Here’s a timeline of when businesses will be allowed to reopen and at what capacity:

June 3

  • All businesses currently operating at 25% capacity can expand their occupancy to 50% with certain exceptions
  • Bars and similar businesses may increase their capacity to 50% as long as patrons are seated
  • Amusement parks and carnivals in counties with less than 1,000 confirmed positive cases may open at 50% capacity
  • Restaurants may expand their maximum table size from 6 to 10 people

June 12

  • Restaurants can expand their occupancy levels to 75%
  • Counties with 10 or fewer active COVID-19 cases can expand their occupancy limits to 75%, with exceptions

June 19

  • Amusement parks and carnivals in counties with more than 1,000 confirmed positive cases of COVID-19 can open at 50% capacity

Abbott still says Texans should use precautionary measures, including wearing face coverings, avoid being in groups of more than 10, and not visiting nursing homes or similar facilities.

People over the age of 65 — who are most at-risk for coronavirus — are still encouraged to stay at home.

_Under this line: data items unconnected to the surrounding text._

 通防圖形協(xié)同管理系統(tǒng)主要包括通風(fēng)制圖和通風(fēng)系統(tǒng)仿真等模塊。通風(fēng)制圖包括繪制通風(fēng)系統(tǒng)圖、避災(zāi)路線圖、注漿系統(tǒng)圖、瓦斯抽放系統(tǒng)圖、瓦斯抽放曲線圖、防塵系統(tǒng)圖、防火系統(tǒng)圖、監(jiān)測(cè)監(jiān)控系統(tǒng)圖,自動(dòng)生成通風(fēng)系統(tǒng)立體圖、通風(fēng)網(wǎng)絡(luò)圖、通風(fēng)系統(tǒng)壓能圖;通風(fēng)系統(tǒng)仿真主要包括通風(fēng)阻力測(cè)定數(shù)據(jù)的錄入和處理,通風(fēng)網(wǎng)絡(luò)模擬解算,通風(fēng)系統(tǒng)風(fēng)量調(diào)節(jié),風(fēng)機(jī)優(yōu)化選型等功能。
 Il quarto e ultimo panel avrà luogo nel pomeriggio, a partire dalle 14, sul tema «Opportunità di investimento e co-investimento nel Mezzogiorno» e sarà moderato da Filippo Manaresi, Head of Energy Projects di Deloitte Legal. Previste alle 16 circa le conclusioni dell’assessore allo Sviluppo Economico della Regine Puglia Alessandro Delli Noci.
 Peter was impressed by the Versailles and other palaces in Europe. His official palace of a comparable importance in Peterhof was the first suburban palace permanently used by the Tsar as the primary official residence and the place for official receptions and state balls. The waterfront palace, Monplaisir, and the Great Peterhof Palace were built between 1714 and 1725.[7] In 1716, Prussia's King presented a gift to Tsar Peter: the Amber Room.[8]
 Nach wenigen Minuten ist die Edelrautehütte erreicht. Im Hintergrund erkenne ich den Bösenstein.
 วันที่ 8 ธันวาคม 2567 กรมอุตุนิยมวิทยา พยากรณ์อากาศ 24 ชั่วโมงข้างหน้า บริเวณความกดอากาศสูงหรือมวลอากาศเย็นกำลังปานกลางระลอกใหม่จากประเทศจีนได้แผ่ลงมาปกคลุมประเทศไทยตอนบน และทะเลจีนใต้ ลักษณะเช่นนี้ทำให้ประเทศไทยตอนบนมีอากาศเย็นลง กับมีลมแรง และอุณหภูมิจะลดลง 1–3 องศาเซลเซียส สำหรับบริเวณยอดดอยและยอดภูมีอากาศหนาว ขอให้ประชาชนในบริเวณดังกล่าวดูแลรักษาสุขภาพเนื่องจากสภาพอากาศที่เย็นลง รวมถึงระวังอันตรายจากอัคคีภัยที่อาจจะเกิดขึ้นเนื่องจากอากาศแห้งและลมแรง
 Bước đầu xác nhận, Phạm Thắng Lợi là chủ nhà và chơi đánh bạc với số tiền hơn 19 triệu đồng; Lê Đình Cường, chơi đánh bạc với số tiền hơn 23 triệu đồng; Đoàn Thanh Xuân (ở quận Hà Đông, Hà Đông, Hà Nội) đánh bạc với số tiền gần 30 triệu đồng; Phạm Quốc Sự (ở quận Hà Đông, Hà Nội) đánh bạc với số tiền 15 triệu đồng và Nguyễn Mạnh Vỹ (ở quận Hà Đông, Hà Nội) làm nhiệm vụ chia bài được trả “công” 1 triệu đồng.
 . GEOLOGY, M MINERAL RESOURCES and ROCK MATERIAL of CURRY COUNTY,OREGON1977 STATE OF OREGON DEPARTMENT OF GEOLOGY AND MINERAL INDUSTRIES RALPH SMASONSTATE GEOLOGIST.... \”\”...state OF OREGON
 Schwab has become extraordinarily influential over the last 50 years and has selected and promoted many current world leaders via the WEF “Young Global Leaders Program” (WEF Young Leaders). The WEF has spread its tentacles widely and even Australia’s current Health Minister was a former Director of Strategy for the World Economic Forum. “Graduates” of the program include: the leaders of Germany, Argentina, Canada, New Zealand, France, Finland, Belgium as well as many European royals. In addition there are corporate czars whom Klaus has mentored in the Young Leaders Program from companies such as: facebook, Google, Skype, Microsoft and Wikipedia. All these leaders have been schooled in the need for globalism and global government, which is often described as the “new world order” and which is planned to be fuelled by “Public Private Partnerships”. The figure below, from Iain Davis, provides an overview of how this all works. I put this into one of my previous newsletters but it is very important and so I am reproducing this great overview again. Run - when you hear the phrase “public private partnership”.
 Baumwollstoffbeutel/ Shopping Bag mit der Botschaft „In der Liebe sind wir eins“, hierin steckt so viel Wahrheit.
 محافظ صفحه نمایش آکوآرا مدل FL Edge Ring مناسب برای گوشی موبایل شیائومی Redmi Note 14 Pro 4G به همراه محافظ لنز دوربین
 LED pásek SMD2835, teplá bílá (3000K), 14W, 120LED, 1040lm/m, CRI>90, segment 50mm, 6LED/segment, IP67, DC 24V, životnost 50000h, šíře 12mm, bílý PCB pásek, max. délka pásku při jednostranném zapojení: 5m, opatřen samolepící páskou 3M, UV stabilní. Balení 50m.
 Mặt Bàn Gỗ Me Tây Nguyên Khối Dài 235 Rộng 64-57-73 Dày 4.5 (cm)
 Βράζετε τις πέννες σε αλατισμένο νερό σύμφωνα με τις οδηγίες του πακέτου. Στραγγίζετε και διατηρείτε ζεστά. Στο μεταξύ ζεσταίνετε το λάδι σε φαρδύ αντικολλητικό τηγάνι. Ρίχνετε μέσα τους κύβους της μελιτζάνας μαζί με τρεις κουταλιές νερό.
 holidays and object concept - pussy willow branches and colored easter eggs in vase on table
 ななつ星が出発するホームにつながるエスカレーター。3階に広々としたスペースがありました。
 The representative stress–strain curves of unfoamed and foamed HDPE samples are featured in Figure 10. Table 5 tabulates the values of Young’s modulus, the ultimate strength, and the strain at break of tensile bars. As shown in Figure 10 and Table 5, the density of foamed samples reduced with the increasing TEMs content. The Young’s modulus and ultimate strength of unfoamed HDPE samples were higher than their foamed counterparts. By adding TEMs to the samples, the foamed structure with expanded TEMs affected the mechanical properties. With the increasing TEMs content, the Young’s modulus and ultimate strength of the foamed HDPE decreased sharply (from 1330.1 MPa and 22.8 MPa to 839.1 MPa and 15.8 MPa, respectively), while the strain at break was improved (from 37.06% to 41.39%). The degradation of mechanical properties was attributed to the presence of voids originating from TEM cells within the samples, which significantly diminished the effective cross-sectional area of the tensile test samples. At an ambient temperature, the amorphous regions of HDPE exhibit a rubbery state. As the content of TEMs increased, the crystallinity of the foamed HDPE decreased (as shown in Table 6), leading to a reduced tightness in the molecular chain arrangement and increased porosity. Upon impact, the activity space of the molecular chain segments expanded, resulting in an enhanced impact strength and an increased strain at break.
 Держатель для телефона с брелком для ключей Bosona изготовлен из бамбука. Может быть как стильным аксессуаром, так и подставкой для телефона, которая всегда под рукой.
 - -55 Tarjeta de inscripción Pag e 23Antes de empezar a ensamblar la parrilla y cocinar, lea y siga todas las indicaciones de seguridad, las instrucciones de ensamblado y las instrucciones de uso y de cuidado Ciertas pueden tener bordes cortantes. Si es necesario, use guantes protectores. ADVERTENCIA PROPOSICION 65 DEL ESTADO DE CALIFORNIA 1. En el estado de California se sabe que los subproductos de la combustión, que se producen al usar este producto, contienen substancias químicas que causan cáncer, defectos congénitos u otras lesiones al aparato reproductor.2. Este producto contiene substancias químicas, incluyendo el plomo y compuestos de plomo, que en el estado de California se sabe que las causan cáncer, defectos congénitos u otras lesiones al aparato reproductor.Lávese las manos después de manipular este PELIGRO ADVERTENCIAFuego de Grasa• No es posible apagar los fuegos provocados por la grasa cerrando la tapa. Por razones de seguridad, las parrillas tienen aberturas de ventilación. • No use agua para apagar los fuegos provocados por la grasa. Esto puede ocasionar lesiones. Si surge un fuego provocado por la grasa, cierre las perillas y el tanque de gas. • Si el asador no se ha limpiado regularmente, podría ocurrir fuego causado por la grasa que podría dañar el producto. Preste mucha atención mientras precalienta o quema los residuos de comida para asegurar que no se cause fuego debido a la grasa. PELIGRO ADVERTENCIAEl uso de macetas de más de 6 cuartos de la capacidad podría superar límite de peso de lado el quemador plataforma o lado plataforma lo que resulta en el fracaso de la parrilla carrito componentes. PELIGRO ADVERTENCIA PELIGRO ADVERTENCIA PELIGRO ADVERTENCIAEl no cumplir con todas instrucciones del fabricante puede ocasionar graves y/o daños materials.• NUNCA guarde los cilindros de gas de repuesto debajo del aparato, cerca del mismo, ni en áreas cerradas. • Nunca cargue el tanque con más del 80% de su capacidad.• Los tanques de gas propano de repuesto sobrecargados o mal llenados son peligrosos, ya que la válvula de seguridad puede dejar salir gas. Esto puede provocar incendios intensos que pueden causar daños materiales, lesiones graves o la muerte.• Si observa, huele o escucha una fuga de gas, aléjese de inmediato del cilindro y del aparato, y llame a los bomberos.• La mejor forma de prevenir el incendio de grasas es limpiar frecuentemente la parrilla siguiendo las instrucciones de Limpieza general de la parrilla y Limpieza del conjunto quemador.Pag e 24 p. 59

Phase 1 of the Texas’ reopening was revealed on April 27, when Abbott announced he would allow the state’s stay-home executive order to expire. As part of Phase 1, retail stores, restaurants and movie theaters were allowed to open at 25% capacity. The order later expanded to include businesses like barber shops and salons.

On May 18, Abbott announced Texas’ entry into Phase 2, which allowed businesses like bars, bowling alleys and zoos to open at 25% capacity. Restaurant capacity was expanded to 50%.

In his Phase 3 announcement on Wednesday, the Governor said, in part:

“As we begin Phase III, I ask all Texans and Texas businesses to continue following the standard health protocols and to heed the guidance of our state and federal officials who continue to closely monitor COVID-19. If we remain vigilant, we will continue to mitigate the spread of this virus, protect public health, and get more Texans back to work and their daily activities.”

Coronavirus in Texas

Texas businesses were first closed (in some capacities) back in March, when Gov. Abbott issued executive orders to slow the spread of COVID-19.

Since then, Texas has amassed a total of 68,216 cases of COVID-19, as of June 2 — in addition to 1,733 deaths.